The attack mechanism involves an HTTP response chain where each response contains a meta-refresh header pointing to the next URL in the chain. The parser follows these redirects recursively without bounds, eventually causing a stack overflow condition in Python.
Detection Methods for CVE-2026-39376
Indicators of Compromise
- Unexpected application crashes with Python RecursionError exceptions in FastFeedParser stack traces
- Unusual HTTP request patterns to the same domain or cycling between domains
- Log entries showing repeated URL fetches followed by abrupt process termination
- Elevated memory usage patterns preceding crashes during feed parsing operations
Detection Strategies
- Monitor application logs for RecursionError or stack overflow exceptions originating from FastFeedParser components
- Implement network monitoring to detect excessive HTTP redirects from single feed parsing operations
- Deploy application performance monitoring (APM) to alert on unusual recursion depth in parsing functions
- Review web application firewall (WAF) logs for patterns indicating redirect chain attacks
Monitoring Recommendations
- Set up alerting for process crashes in services that utilize FastFeedParser for feed processing
- Monitor outbound HTTP connections from feed parsing services for unusual redirect patterns
- Implement logging around parse() function calls to track URL sources and redirect counts
- Configure rate limiting on endpoints accepting external feed URLs
How to Mitigate CVE-2026-39376
Immediate Actions Required
- Upgrade FastFeedParser to version 0.5.10 or later immediately
- Audit applications to identify all instances where FastFeedParser processes untrusted URLs
- Implement input validation on feed URLs before passing them to the parser
- Consider adding network-level protections to limit outbound connections from feed parsing services
Patch Information
The vulnerability is fixed in FastFeedParser version 0.5.10. The patch implements proper safeguards against unbounded recursion when handling meta-refresh redirects.

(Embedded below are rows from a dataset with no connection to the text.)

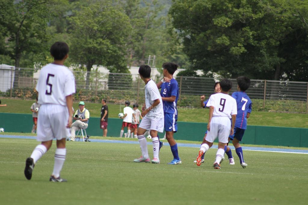 如水館は後ろからしっかりとつなぐスタイル。対する済美は縦への意識が高く早めの攻撃をしかける。
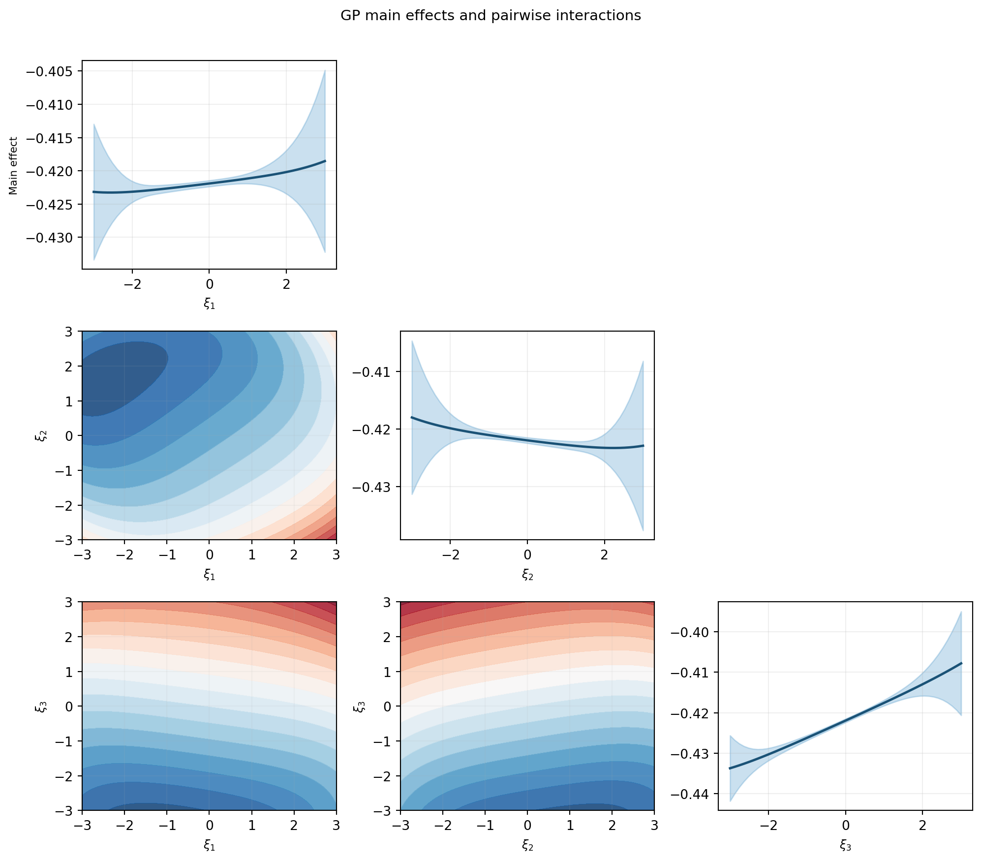 Figure 2 shows the main effects (diagonal) and pairwise interactions (off-diagonal) of the GP surrogate, analogous to the FT tutorial.
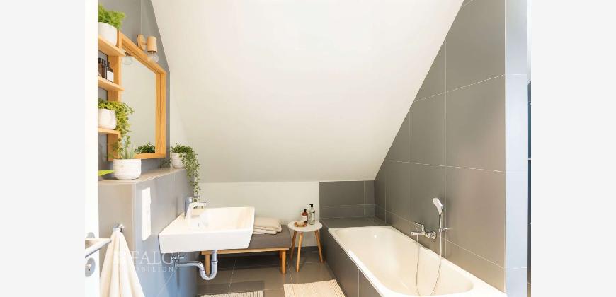 Das Hauptbadezimmer auf dieser Etage ist mit einer Badewanne, einer Dusche und modernen Armaturen ausgestattet, ideal für entspannende Momente nach einem langen Tag.

For detailed patch information and security advisory, refer to the GitHub Security Advisory.
Upgrade using pip:
pip install --upgrade fastfeedparser>=0.5.10
Workarounds
- If immediate upgrading is not possible, implement a wrapper function around parse() that validates URLs against a whitelist of trusted domains
- Deploy network-level protections to limit the number of HTTP redirects followed by feed parsing services
- Run FastFeedParser operations in isolated processes with resource limits to contain crash impact
- Use timeout mechanisms around feed parsing operations to prevent indefinite resource consumption
# Configuration example - Verify installed version
pip show fastfeedparser | grep Version
# Upgrade to patched version
pip install fastfeedparser==0.5.10
Disclaimer: This content was generated using AI. While we strive for accuracy, please verify critical information with official sources.